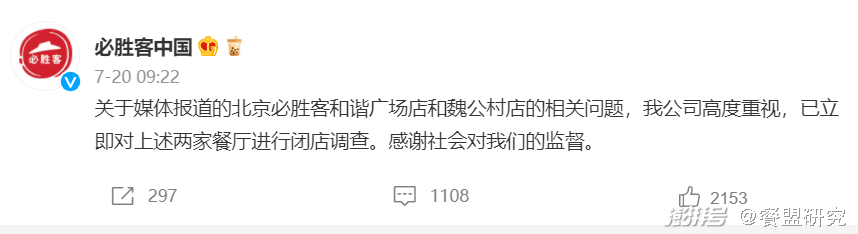 对于此次事件,必胜客官微表示,会对上述两家餐厅进行闭店调查。
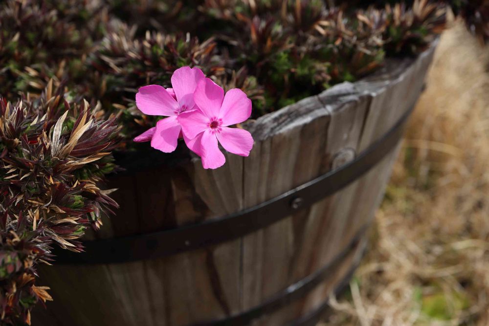 少し暖かくなり、気の早いシバザクラが数輪咲き始めました。
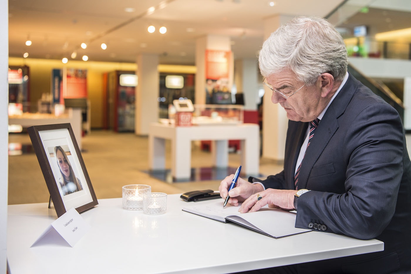 13-10-2017: Van Zanen tekent als eerste het condoleanceregister voor Anne Faber.
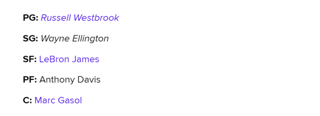 湖人首发:威少+埃灵顿+詹姆斯+浓眉+小加索尔
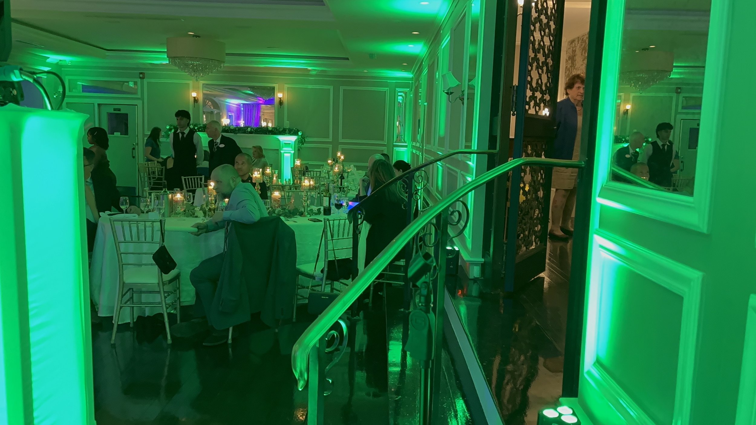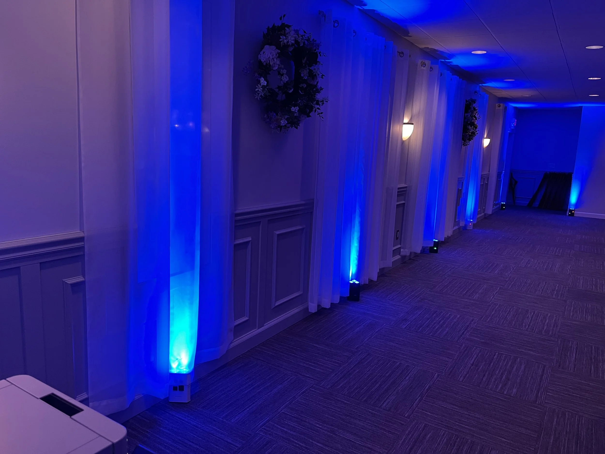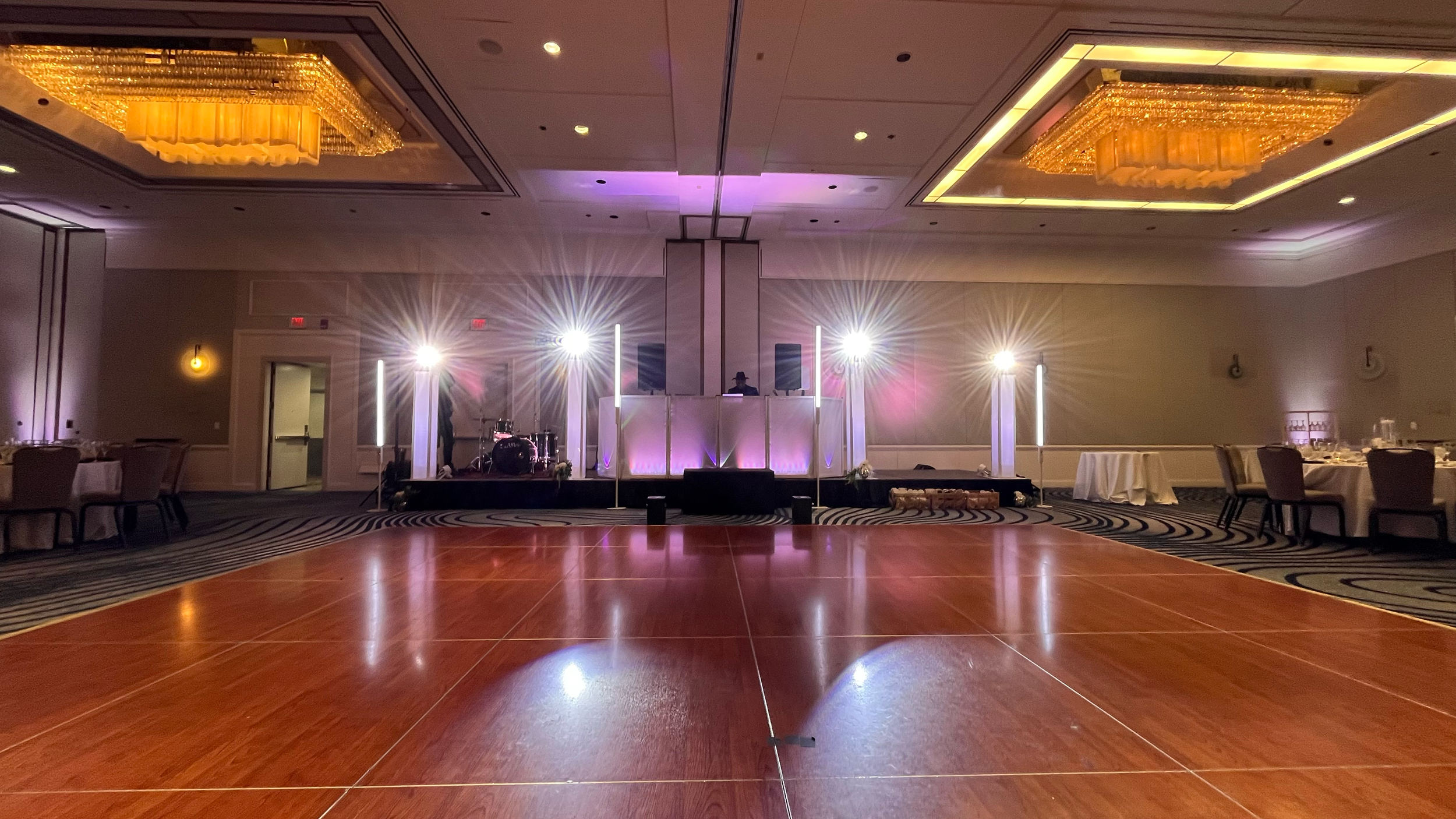Dynamic moving lights, color washes, strobes, and programmed scenes that react to the music and the mood of the night. Focused spotlights lock attention on key moments — the first kiss, speeches, cake cutting — while full-floor lighting converts the reception into a club-quality dance experience.
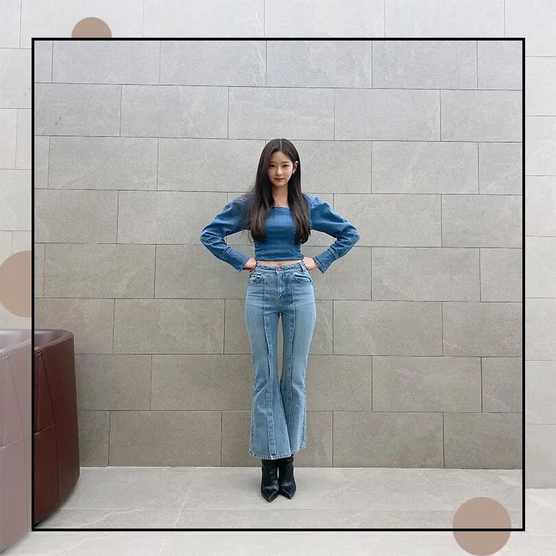 喇叭裤的大腿处会比较修身,能很好地展现臀部线条。而膝盖处略微宽松的设计也使得膝盖外翻的问题得到修饰,同时还能延伸腿部线条,让小腿在视觉上更加细长。
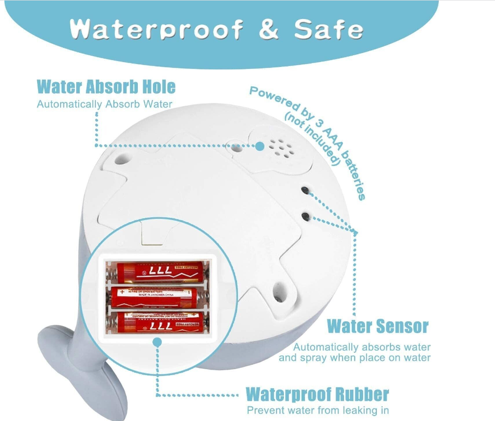 • Easy to Use --The infant tub toys powered by 3 AAA batteries(not included). Water toy has a automatically senses, just install the batteries, and place it on the water, it will automatically induction absorbs water from the bottom and sprays appropriate height water column. When leaves water, all effects will stops immediately. No manual operation is required.(Notice:Please take baby toy out when not in use and dry the water above.)
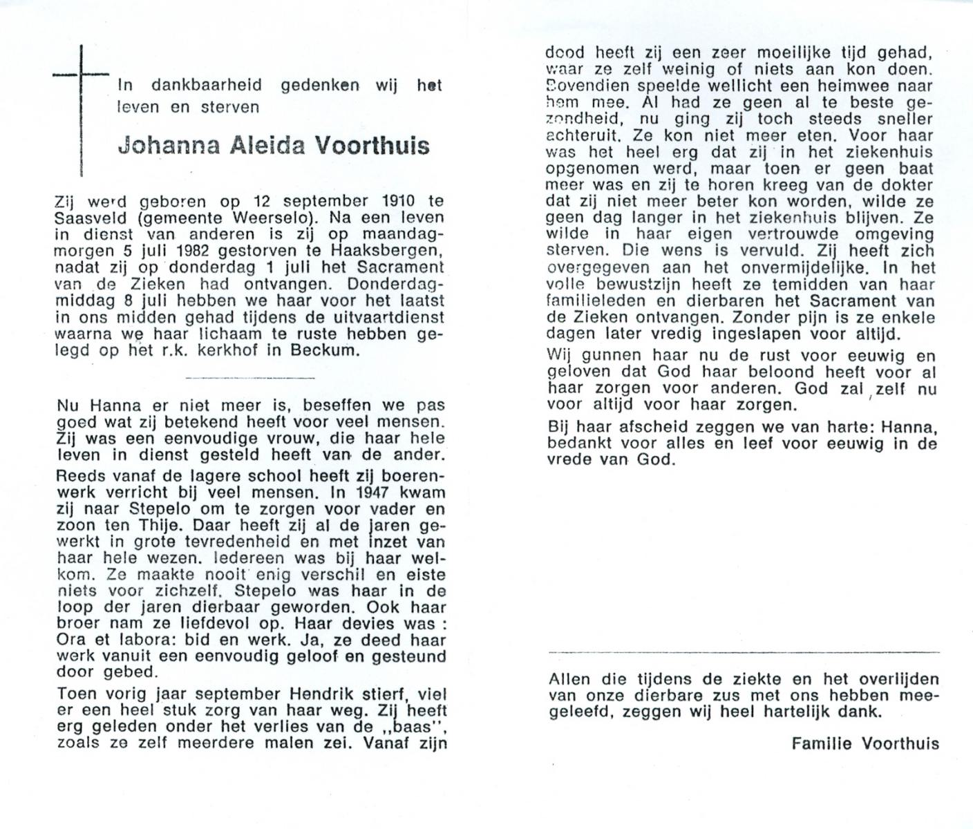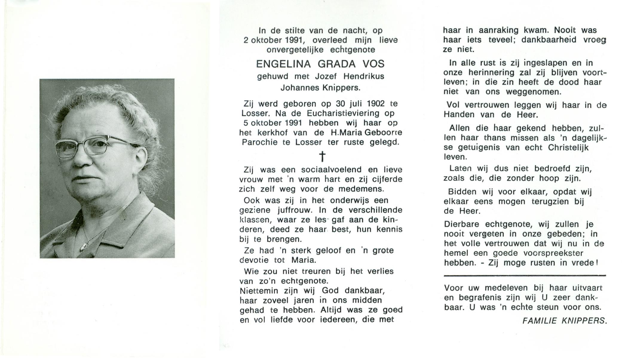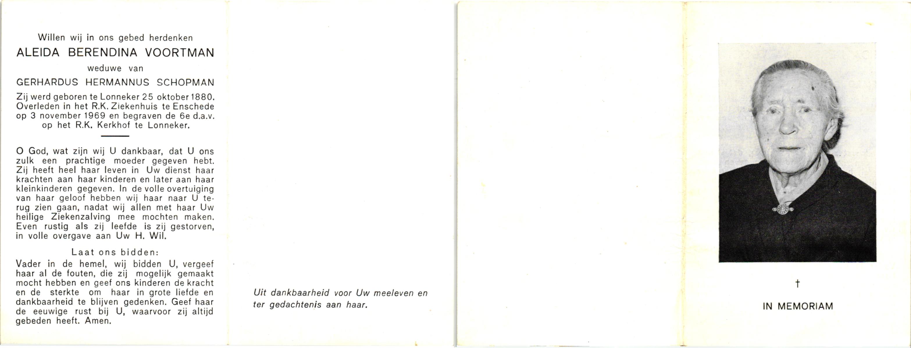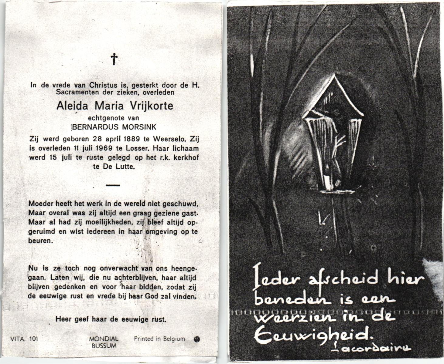 VRIJKORTE, Aleida Maria, geboren op 28-04-1889 te Weerselo, overleden op 11-7-1969 te Losser op 80-jarige leeftijd, begraven op 15-7-1969 te De Lutte.
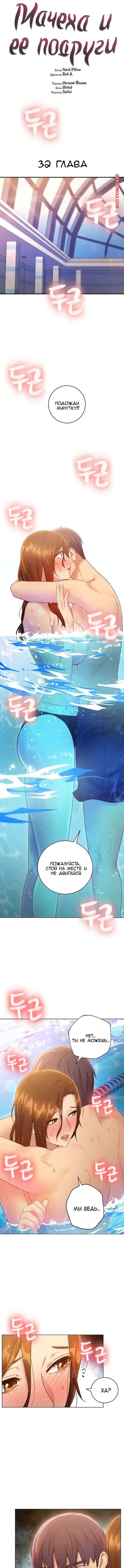 Порно комикс Мачеха и ее подруги. Части 31 и 32 и 33. Stepmother Friends Мачеха решила сводить своего пасынка в бассейн, чтобы помочь ему расслабить свои мышцы. Там она стала делать ему массаж, от которого у парня возник дикий стояк. Да еще и сиськи его мачехи оголились и он стал прикрывать ее своим телом. Потом его мамка привела его на встречу со своей подругой, которая позволила ему потрогать ее сиськи в обмен на ответ на интересующий ее вопрос.
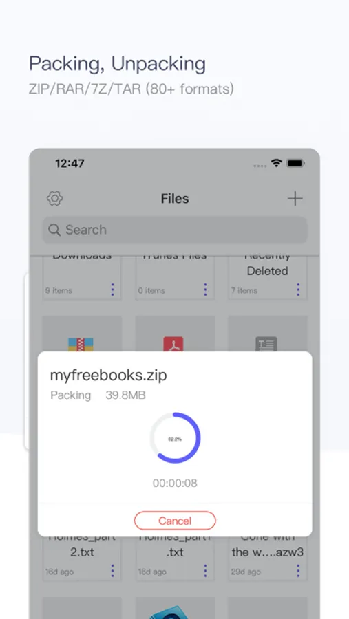 Support more than 80 compression formats such as ZIP, RAR, 7Z, TAR, LZH, XZ, ISO, CAB, WIM, ZIPX, JAR,AAR,LZFSE, etc.
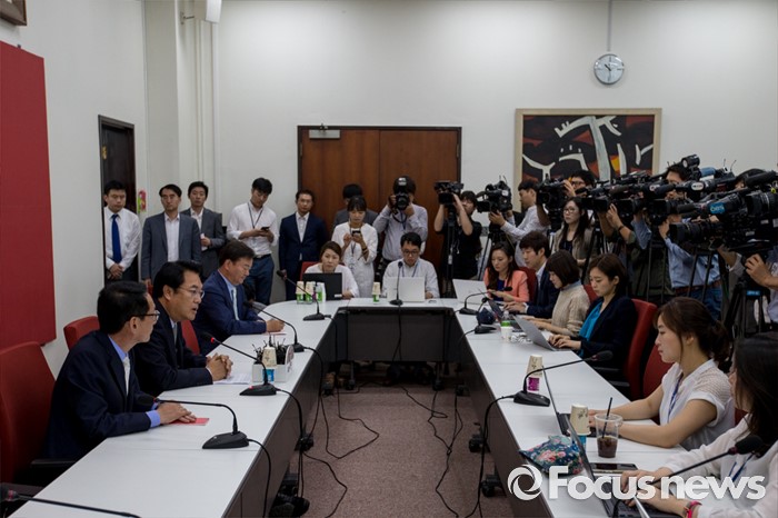 (서울=포커스뉴스) 정진석 새누리당 원내대표가 27일 오전 서울 여의도 국회에서 국회법 개정안 관련 대통령 거부권 행사 및 당 조직구성에 대한 야당의 입장발표에 대해 발언 하고 있다.
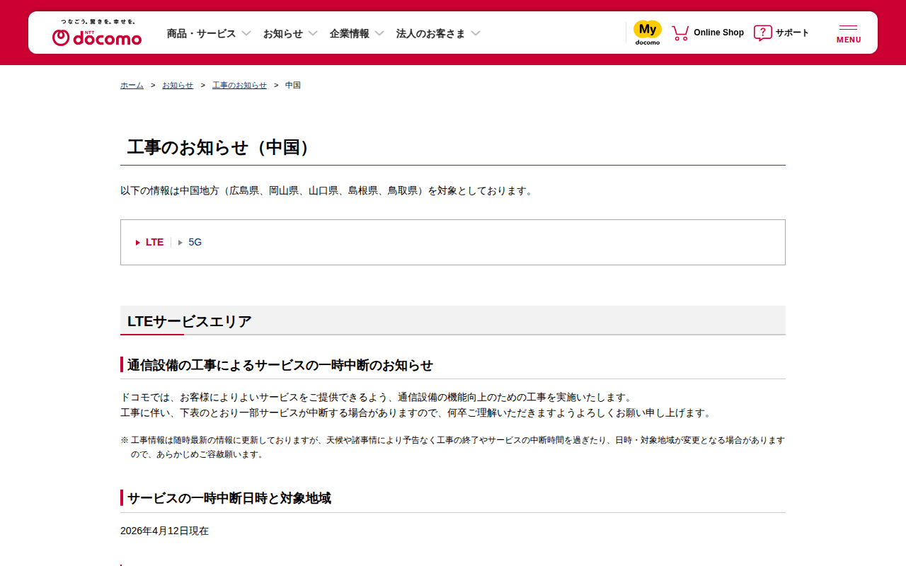 https://www.docomo.ne.jp/info/construction/chugoku2026年4月12日 11:04 JST•アーカイブページ・viewer・ダウンロードは、この保存版を基準に表示されます。
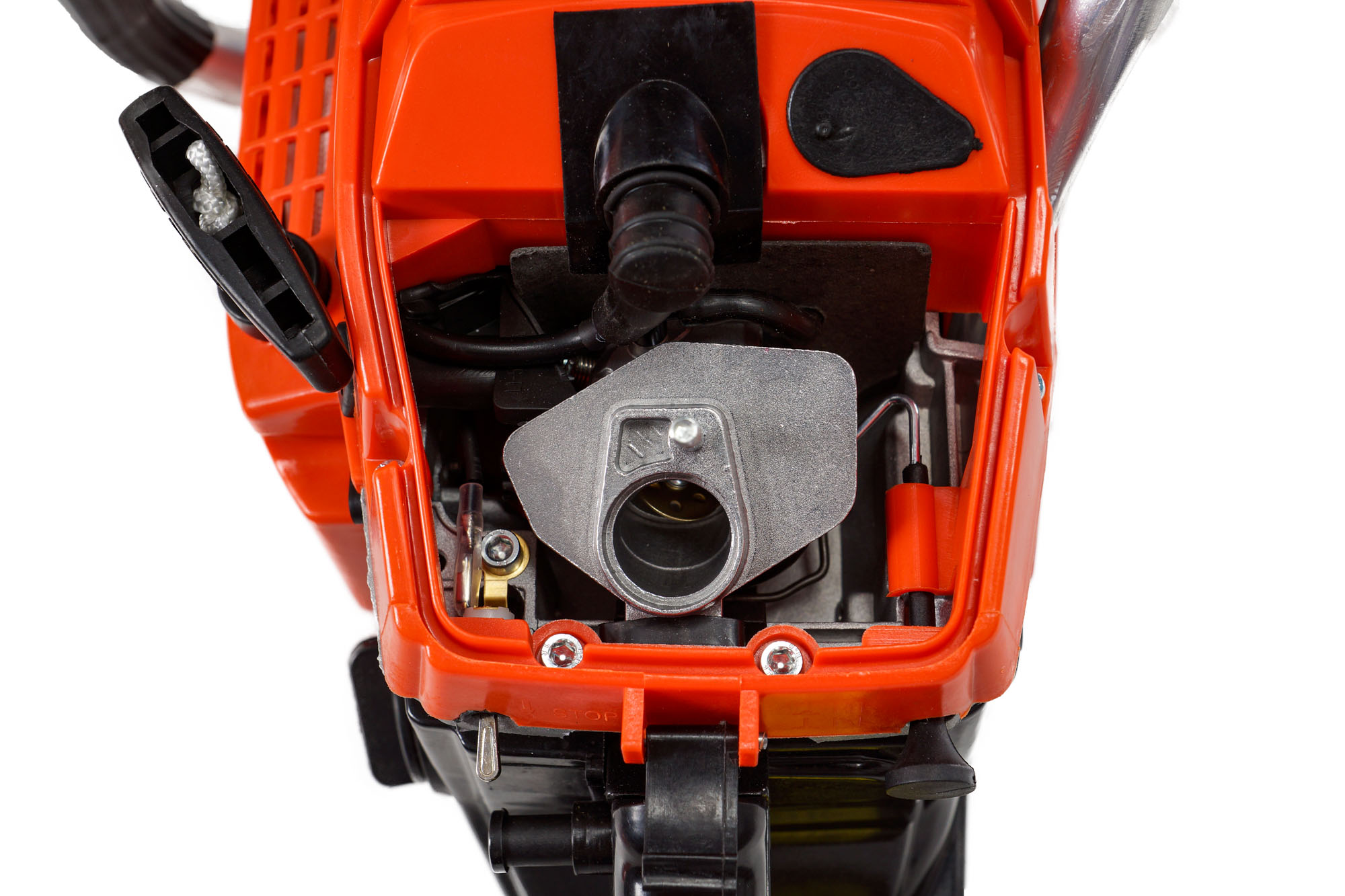 Один із найміцніших на ринку і, перш за все, дуже стабільний і простий у використанні, довговічний і потужний бензопила 2.7KM. Пила має шарикопідшипникову двосторонню напрямну. Ідеально підходить для розпилу всіх видів деревини (як дров, так і садових), зрізання та обрізки гілок. Завдяки високій потужності пила характеризується високою ефективністю та безпекою завдяки запобіжному гальму та великому щитку для рук.
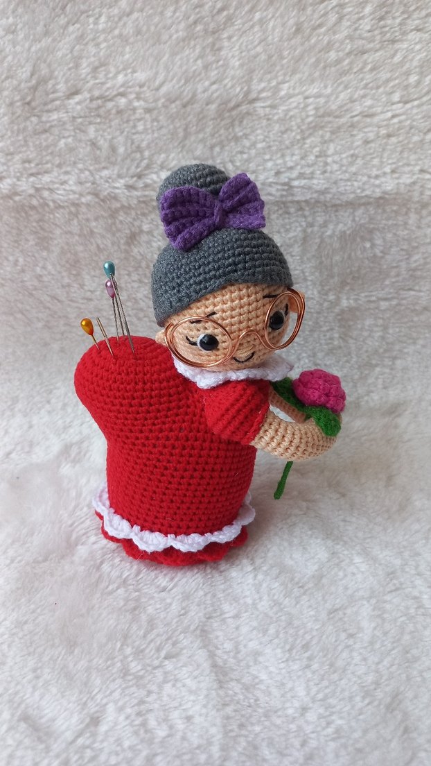Gri topuzlu, mor fiyonk detaylı, gözlüklü ve beyaz dantelli kırmızı elbiseli örgü bebek, iğne yastığı olarak kullanılır ve dikiş iğnelerini tutar.
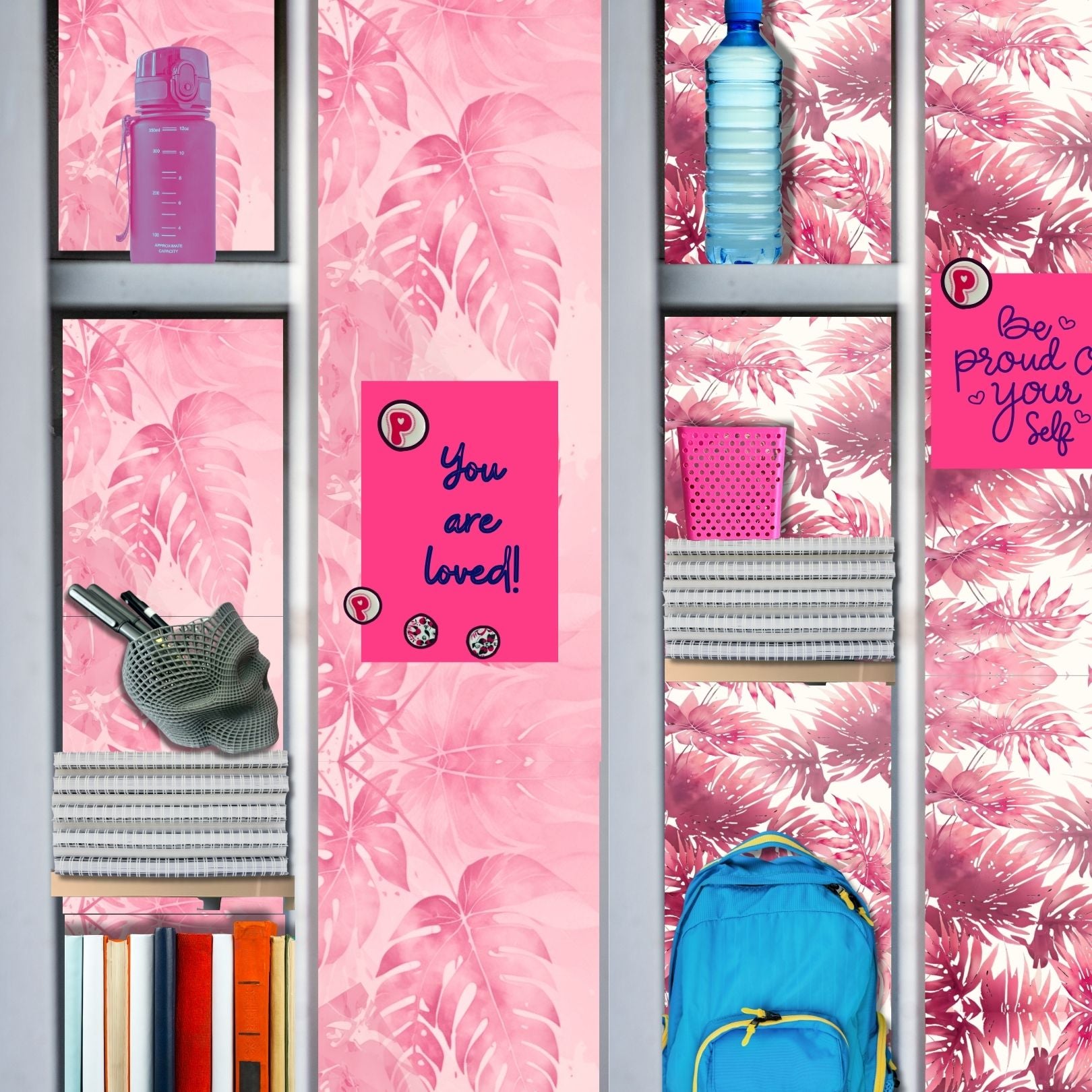 Introducing our collection of magnetic locker wallpaper, now available in Pink Tropical Leaves! Made in the USA with a matte finish, each package contains 4 sheets of magnetic wallpaper. Transform your locker with this stylish and functional addition.

What is required:
What you should repeat exactly is the run of lines from the top of the listing above through the line with "湖人首发:威少+埃灵顿+詹姆斯+浓眉+小加索尔", without pictures.

Answer for the task:
 对于此次事件,必胜客官微表示,会对上述两家餐厅进行闭店调查。
 少し暖かくなり、気の早いシバザクラが数輪咲き始めました。
 13-10-2017: Van Zanen tekent als eerste het condoleanceregister voor Anne Faber.
 湖人首发:威少+埃灵顿+詹姆斯+浓眉+小加索尔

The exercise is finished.